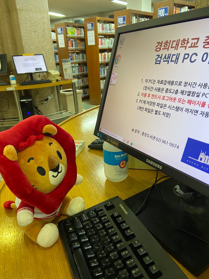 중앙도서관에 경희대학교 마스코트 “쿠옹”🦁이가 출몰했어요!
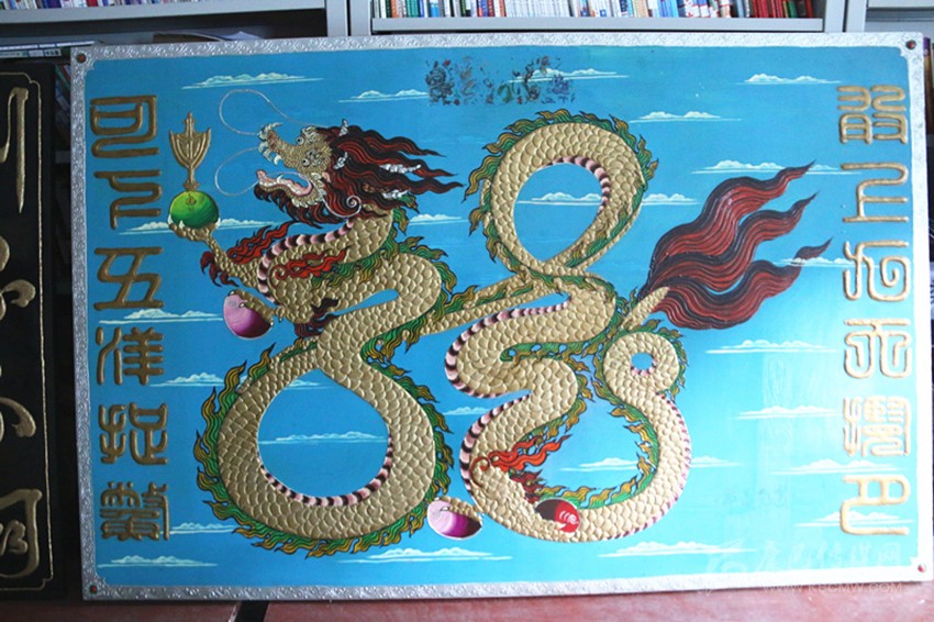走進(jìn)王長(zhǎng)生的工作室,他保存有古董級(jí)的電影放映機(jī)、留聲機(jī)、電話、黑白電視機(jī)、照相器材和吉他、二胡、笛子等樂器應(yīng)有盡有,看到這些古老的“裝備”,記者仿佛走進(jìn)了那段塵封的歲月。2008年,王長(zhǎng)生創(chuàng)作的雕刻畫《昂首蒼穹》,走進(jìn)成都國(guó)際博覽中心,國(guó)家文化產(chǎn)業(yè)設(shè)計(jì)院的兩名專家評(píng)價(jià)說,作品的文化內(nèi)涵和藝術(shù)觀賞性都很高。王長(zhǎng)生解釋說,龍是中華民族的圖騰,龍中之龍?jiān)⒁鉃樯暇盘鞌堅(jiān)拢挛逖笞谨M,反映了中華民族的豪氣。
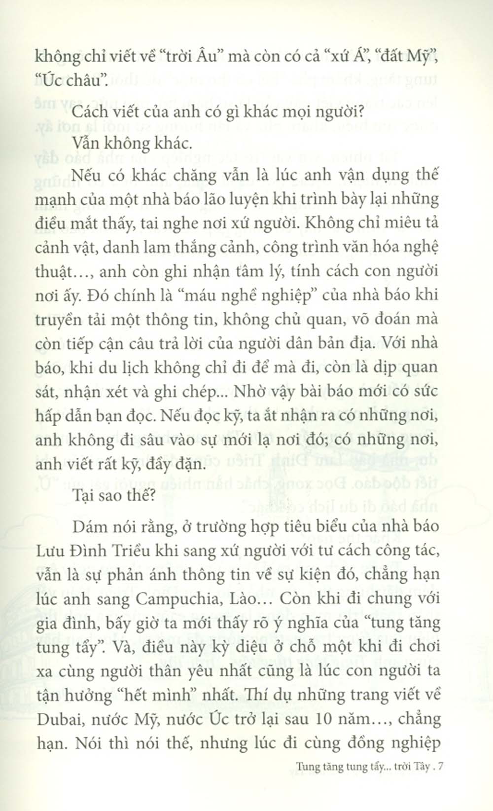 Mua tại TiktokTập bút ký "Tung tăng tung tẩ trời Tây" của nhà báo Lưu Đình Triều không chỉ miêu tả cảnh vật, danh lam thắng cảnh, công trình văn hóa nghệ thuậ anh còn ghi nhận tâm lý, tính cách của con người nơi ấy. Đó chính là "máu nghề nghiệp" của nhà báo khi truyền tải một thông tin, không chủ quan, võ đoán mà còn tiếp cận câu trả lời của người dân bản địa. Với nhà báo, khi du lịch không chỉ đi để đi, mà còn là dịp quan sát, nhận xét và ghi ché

* * *

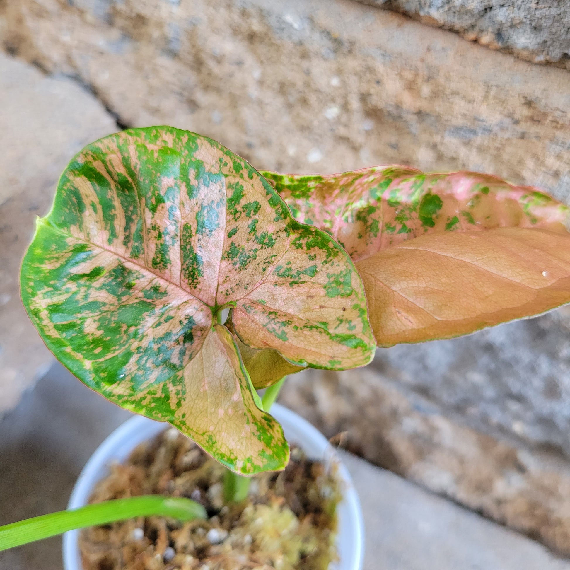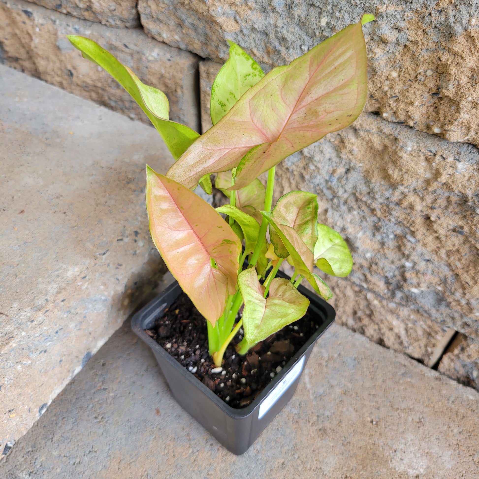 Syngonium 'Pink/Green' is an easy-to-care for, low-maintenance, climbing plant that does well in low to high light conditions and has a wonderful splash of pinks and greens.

==

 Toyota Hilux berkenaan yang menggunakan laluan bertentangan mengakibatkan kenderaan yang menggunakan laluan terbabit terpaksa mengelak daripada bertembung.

- [Instructions to follow] Quote the data above exactly from the line with "중앙도서관에 경희대학교 마스코트" to the line with "走進(jìn)王長(zhǎn", both ends counted, and nothing else. Pictures don't go in.

- [Answer box]
 중앙도서관에 경희대학교 마스코트 “쿠옹”🦁이가 출몰했어요!
走進(jìn)王長(zhǎng)生的工作室,他保存有古董級(jí)的電影放映機(jī)、留聲機(jī)、電話、黑白電視機(jī)、照相器材和吉他、二胡、笛子等樂器應(yīng)有盡有,看到這些古老的“裝備”,記者仿佛走進(jìn)了那段塵封的歲月。2008年,王長(zhǎng)生創(chuàng)作的雕刻畫《昂首蒼穹》,走進(jìn)成都國(guó)際博覽中心,國(guó)家文化產(chǎn)業(yè)設(shè)計(jì)院的兩名專家評(píng)價(jià)說,作品的文化內(nèi)涵和藝術(shù)觀賞性都很高。王長(zhǎng)生解釋說,龍是中華民族的圖騰,龍中之龍?jiān)⒁鉃樯暇盘鞌堅(jiān)拢挛逖笞谨M,反映了中華民族的豪氣。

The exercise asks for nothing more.